Bit Spicy

Singapore-inspired spices

Sweet and Sour Pork

Recipe, South East Asian PorkElizabeth Anderson

Sweet and sour pork is such a classic Chinese dish. Once you have all the ingredients together it is, like all these recipes, very quick and easy. The pork is perfect in an air fryer, but if you don’t have one, do not be afraid of cooking the pork it the traditional way in a wok as it is very simple - just get the oil really hot and use a slotted spoon to add and remove the pieces, making sure they are well coated with the batter. Do a few at a time and it doesn't take long. Serves 3-4

Ingredients

For the marinade:

  • 450g lean pork, cut into 2cm cubes

  • 1 tsp ground white pepper

  • 1 tsp salt

  • 2 tbsp corn flour

  • 2 tbsp chinese rice wine

  • 2 tsp sesame oil

For the sauce:

  • 2 tbsp brown sugar

  • 2 tbsp tomato ketchup

  • 2 tbsp rice vinegar (or white vinegar)

  • 1 tbsp brown sauce

  • 1 tbsp chinese rice wine

  • 1 chicken stock cube

  • 2 tbsp sweet chilli sauce

  • juice from a small can unsweetened pineapple pieces (use the pineapple below)

Other ingredients:

  • 1 bell pepper (or 2 different coloured halves), chopped

  • 1 medium, carrot, cut into small sticks

  • 1 medium onion, roughly chopped

  • 2 cloves garlic with a thumb-sized piece of unpeeled ginger, blitzed together

  • pineapple pieces from the tin

For the batter:

  • 1 egg, beaten

  • 4 tbsp corn flour

  • oil for deep frying, if using this method

Recipe

  1. Combine the ingredients for the marinade and leave for several hours.

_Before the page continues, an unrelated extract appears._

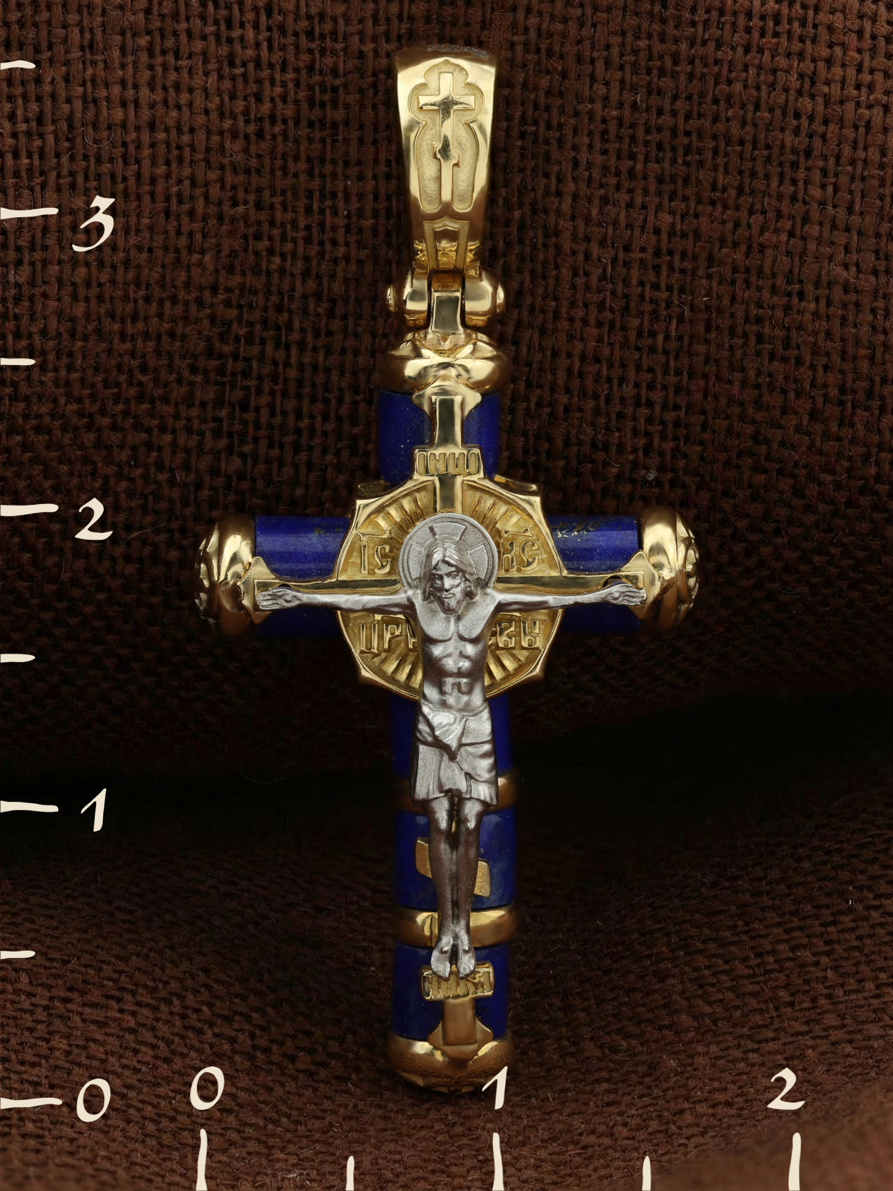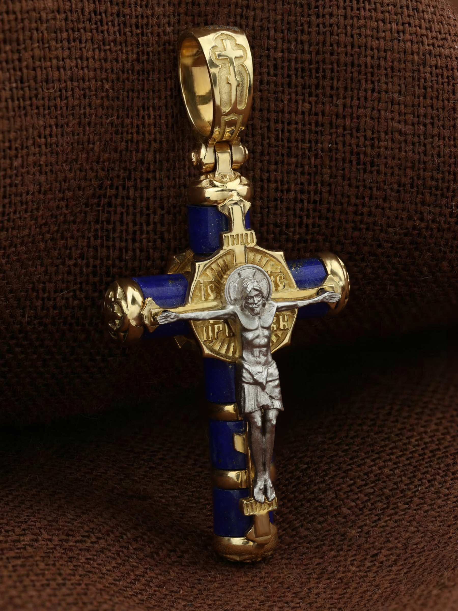 На лицевой стороне креста изображено Распятие Господа и Спасителя нашего Иисуса Христа, отдавшего Себя на смерть, для искупления грехов мира. Крест является символом жертвенной любви всеблагого Бога к падшим людям, всепобеждающим духовным оружием христиан, основанием и средоточием церковной жизни. Верхняя перекладина символизирует титло — табличку, на которой, согласно Евангелию, было начертано: Иисус Назорей Царь Иудейский (IНЦI). Надпись «IС» « ХС» означает Иисус Христос и размещена над поперечной перекладиной. Слева от Распятия изображена Пресвятая Богородица, справа — апостол и евангелист Иоанн Богослов, один из ближайших учеников Иисуса Христа. Возвышение, на котором стоит Крест, символизирует гору Голгофу, на которой произошло Распятие. Под подножием Креста изображена покоящаяся голова (череп) Адама. Под Распятием помещено изображение Духа Святого в виде голубя.

  2. Mix together the sauce ingredients.

  3. Add the egg and extra corn flour for the batter to the pork marinade and mix well until sticky.

  4. Heat some oil in a small wok or pan, to a depth of 5cm. When the oil is really hot (drip a bit of batter in it and watch till it rises to the surface and goes golden), fry the pork pieces in about 4 batches, turning over during the cooking process so they are uniformly a golden brown, and place in a medium oven to keep warm.

  5. In a different pan or wok, flash-fry the onion with the garlic and ginger in 1 tbsp oil until the onion is soft. Add the other vegetables and pineapple, cook for a couple of minutes and then add the sauce and bring to the boil. The sauce will thicken.

  6. When ready to serve, place the pork in a serving dish and pour the sauce over.

  7. Serve with plain rice or a simple fried rice.